Hey what’s up. My name is Eric aka Deke. I’m just a normal dude that grew up in the suburbs of Pittsburgh and am loving life. I am starting this blog as well as a podcast show because they are dreams of mine. I don’t have any experience in either, but am excited to see where this journey takes me. Read More
A Little Background- I’m just like you and you are me
I went to a local private high school and graduated from Pitt with a major in marketing. Like most recent graduates, I was looking for my first job out of school. Finding one didn’t take much effort which has been a theme for most of my life. My mom worked for the company and was a helpful connection for me. I knew this job was not my dream job but was a great opport.. (you know the cliché) So yeah I learned a lot. One thing was specifically about the industry I worked in and the other was a lot about human interaction- which was actually my favorite part of the job.
What got me excited going to work was learning and talking with people. I also love putting smiles on people’s faces just because. In my opinion everyone is an expert at something. Everyone has something interesting about them that they are willing to share- you just got to be interested in them. So yeah my job was basically 9-5 ,sit at my cubicle, and then go home, but there was much more I got out of it. It was all about the relationships and conversations I had, not the work itself.

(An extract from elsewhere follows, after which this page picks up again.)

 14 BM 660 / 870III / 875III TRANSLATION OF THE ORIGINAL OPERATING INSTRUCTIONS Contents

With all that said, around two months ago I would wake up for work and kept asking myself “what am I doing?” To me, working at my current position just didn’t make sense. I loved my coworkers and relationships but the job wasn’t my dream it was other people’s /society’s dream for me. So what was stopping me from just quitting? Fear. It took me a week/ a week and a half before I finally put in my two weeks. The mind is powerful, and when I first started to think about quitting my mind went off in to thinking about the awesome possibilities that could happen. With time however, the negative started to creep in, what will my friends/ parents think of me, what if I don’t get another job, what if my parents kick me out, what will my coworkers think, etc. So these thoughts kept me stalled but after a while I just did it. I was nervous, scared, but at the same time alive.

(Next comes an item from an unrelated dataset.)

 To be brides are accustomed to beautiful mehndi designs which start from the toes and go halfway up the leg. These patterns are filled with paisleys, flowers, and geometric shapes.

So fast forward to now, its been about two weeks since I quit and I’ve been trying to accomplish everything I said I would during my time off. I’ve painted a couple pictures, been walking alot, playing drums, reading books, writing this blog, and am trying to figure out the podcast. So yeah its been a lot of fun so far. I’m going to always try to keep learning and I hope you can learn as well by following my content by- Chillin with me, Deke.
And you may be asking why not just get another job or do all that stuff while your working- my response- what’s the fun in doing that?